Stripe raises $250m funding to fuel acceleration of its growth

– USA, CA –  Stripe, which builds economic infrastructure for the internet, is raising $250 million in additional funding—at a new pre-money valuation of $35 billion—from investors including General Catalyst, Sequoia, and Andreessen Horowitz, among others.

“Even now, in 2019, less than eight percent of commerce happens online,” said John Collison, President and Co-founder of Stripe. “We’re investing now to build the infrastructure that’ll power internet commerce in 2030 and beyond. If we get it right, we can help the internet fulfill its potential as an engine for global economic progress.”

Stripe will use the capital to accelerate its growth in three key areas: accelerating international expansion; growing its product suite; and extending its enterprise capabilities.

With 5 out of 6 new internet users coming online from areas outside of North America and Western Europe, Stripe has invested heavily in expanding to new markets. Stripe recently launched in eight additional countries and will be expanding to more in the coming months; this will bring the total to 40 countries covering 70% of the global economy, with many more launches planned for 2020.

About Stripe

Stripe’s mission is to grow the GDP of the internet, making it easy for companies everywhere to start, run and scale their business.

Stripe processes hundreds of billions of dollars a year for millions of businesses worldwide, including now Wayfair, Twilio, GitHub, and The RealReal.

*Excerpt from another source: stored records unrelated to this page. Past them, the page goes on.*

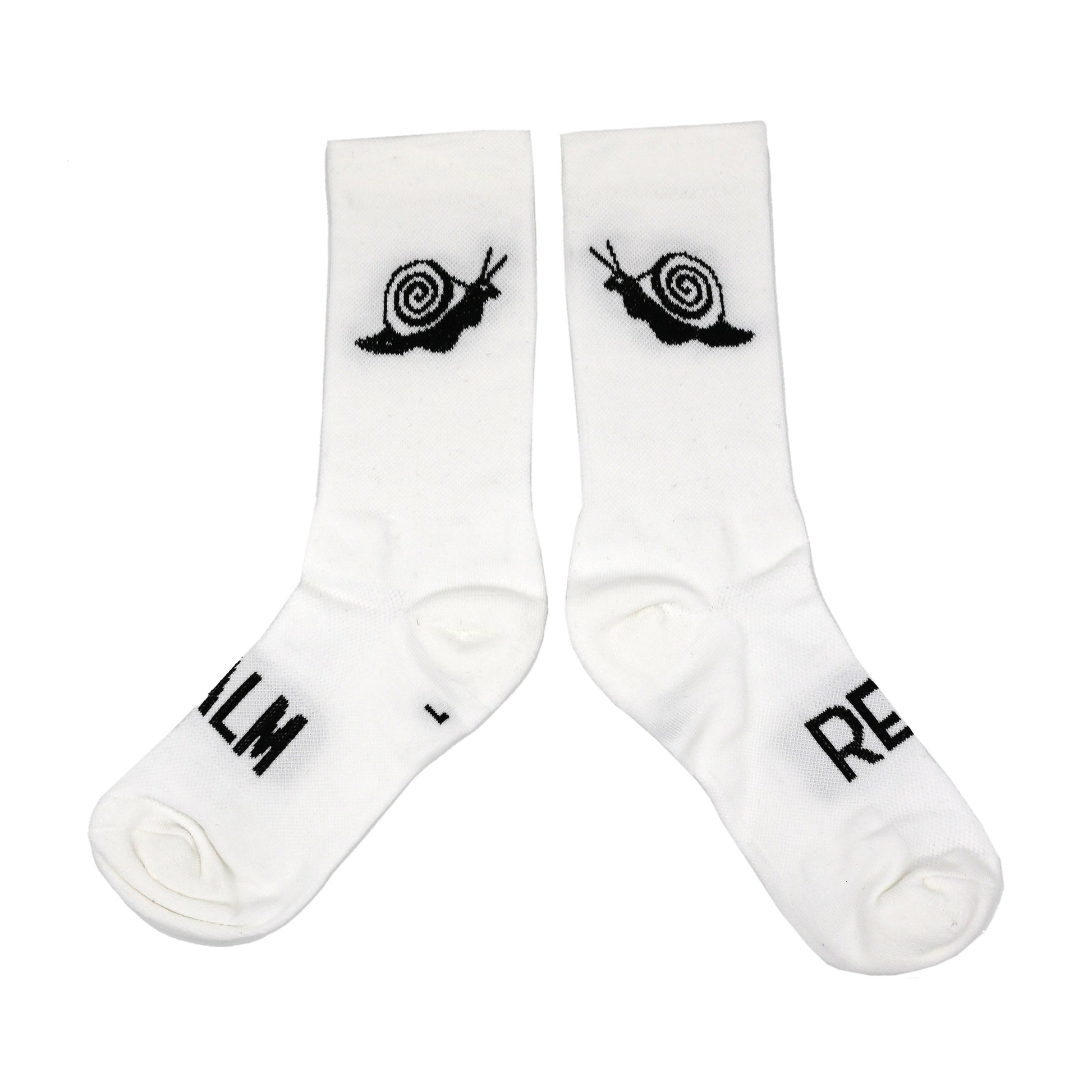 Finally! A sock made custom for us. I wanted to make something that would take the dyes beautifully, have something for the athletes and fashionistas alike. Made out of cotton to lessen the plastic footprint of most cycling socks, I think you're going to like this one. Now in un-dyed white! Woven Spiral Snail on both sides of each sock with our logo emblazoned across the top of the foot.
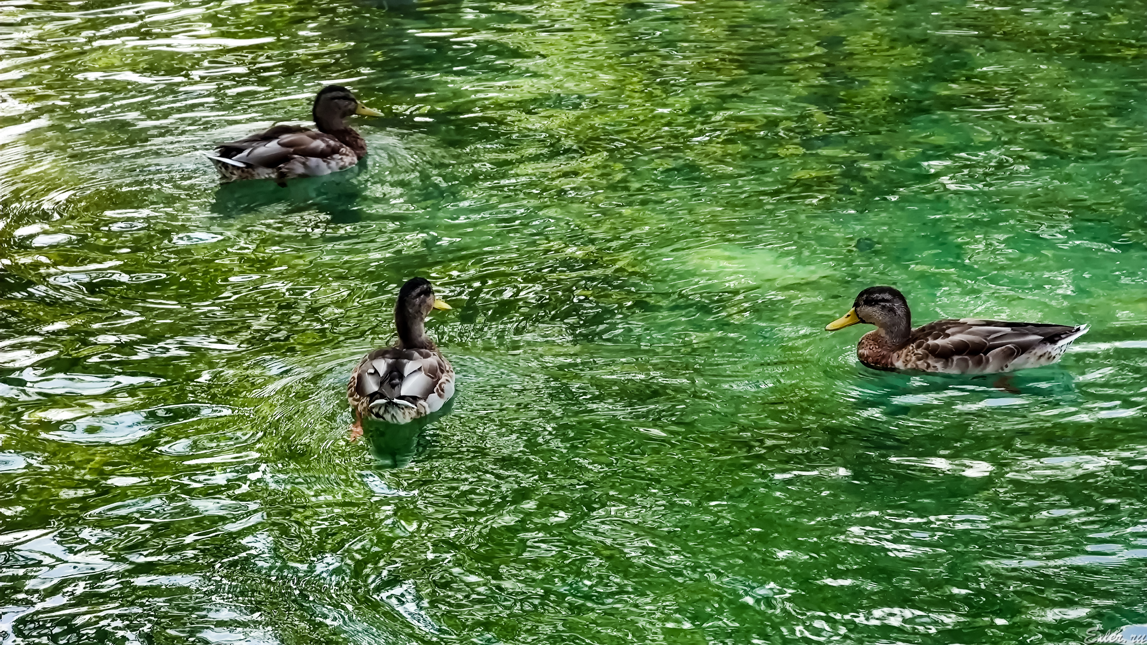 У берега плавают утки и селезни. Вроде как их запрещено кормить, но все равно кормят хлебом и чипсами.
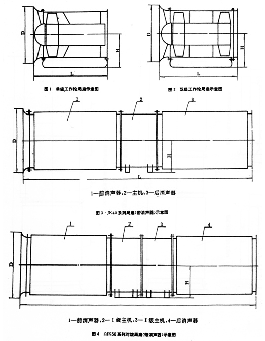 JK系列局扇的設計,綜合考慮了各類局部通風作業面所需的排塵排煙風量、風筒送風距離、常用風筒規格、風阻值,以及礦井內的使用條件等。JK系列局扇分為單級工作輪JK-1NO.(參見圖1)、雙級工作輪JK-2NO.(參見圖2)和對旋運轉DJK等三類。JK40系列局扇(帶前、后消聲器)的機構參見圖3,DJK系列對旋局扇(帶前、后消聲器)的結構參見圖4。其中JK40系列局扇和DJK50系列對旋局扇可以直接安裝在巷道底板上,也可以懸掛安裝在巷道的幫壁上或頂板下。
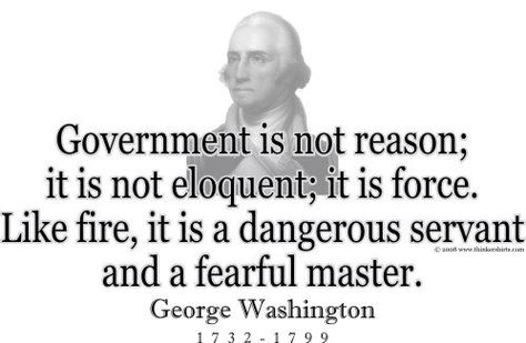 “Government is not reason; it is not eloquent; it is force. Like fire, it is a dangerous servant and a fearful master. Experience has taught us that it is much easier to prevent an enemy from posting themselves than it is to dislodge them after they have got possession, and when the freedom of speech is taken away then dumb and silent we may be led, like sheep to the slaughter.” – George Washington
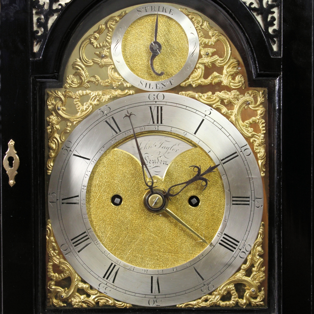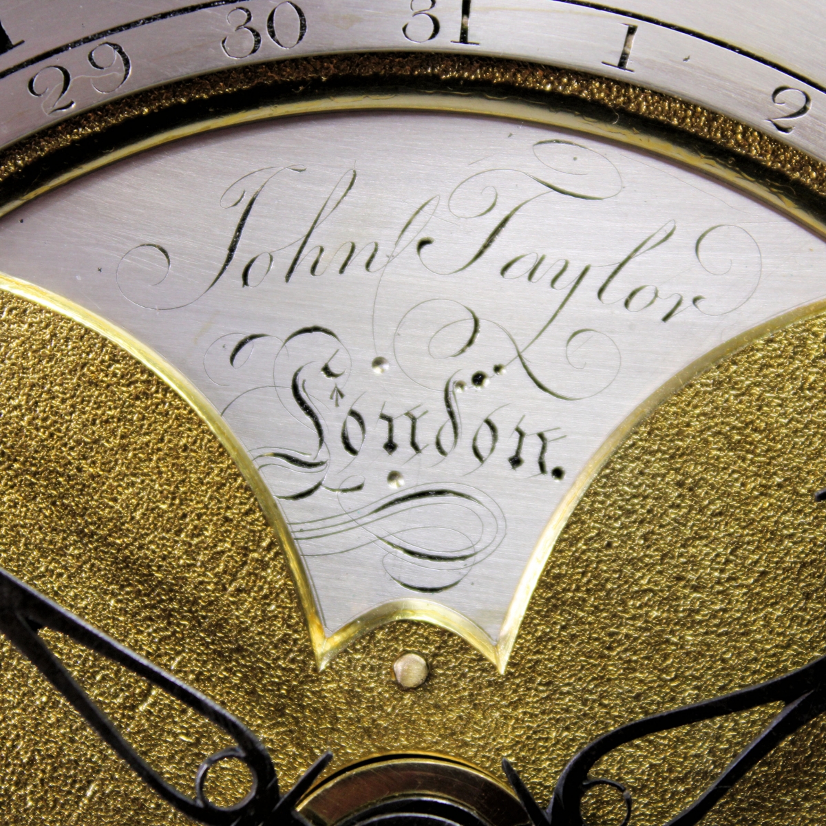 Behind a 6" wide, break-arch brass dial with cast brass Rococo style spandrels, silvered strike/silent select chapter to the arch with a matted centre, silvered main chapter ring with small Arabic outer 5’s minute track, short Roman hour numerals and inner, Arabic calendar date numerals. The finely matted centre has an axe-head aperture at the top bearing a rear-mounted and silvered makers plate of exceptional quality bearing the name “John Taylor (of) Londonâ€. The well-cut hour, minute and strike select hands are blue steel and the centre-sweep calendar hand is polished brass with an arrow tip.
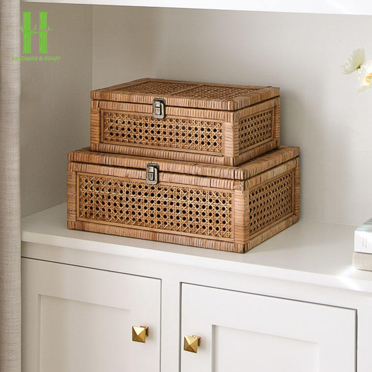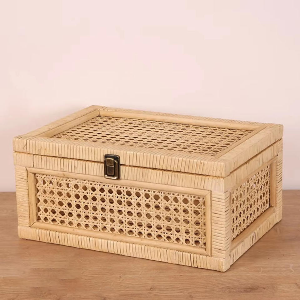 New Product Rattan Box Vintage Natural Storage Gift Organization OEM Handwoven Cane Boxes Organizer Wicker Storage Baskets
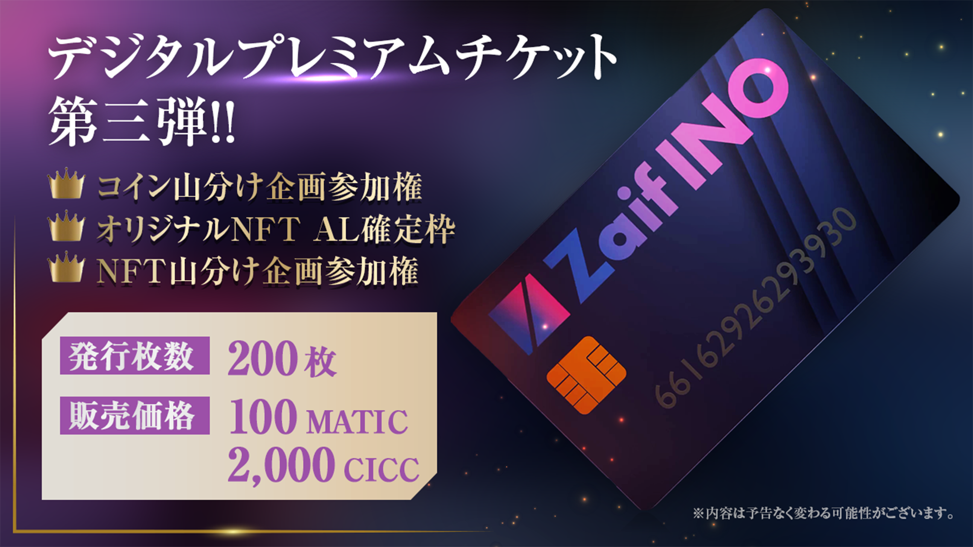 【Zaif INO】「Zaif INOデジタルプレミアムチケット」の販売詳細が決定!複数のNFTプロジェクトから協賛を受け特典を強化、CICC決済ではディスカウント価格で購入可能

Our user base is expanding to both ends of the spectrum: on one end, entrepreneurs continue to choose Stripe as the easiest way to start an internet business; and on the other, complex international enterprises are increasingly trusting Stripe with core payment processing. Serving both ends of the continuum ensures that Stripe provides the most powerful functionality to the youngest high-potential companies, while also providing the most forward-thinking technology to the largest and most established businesses.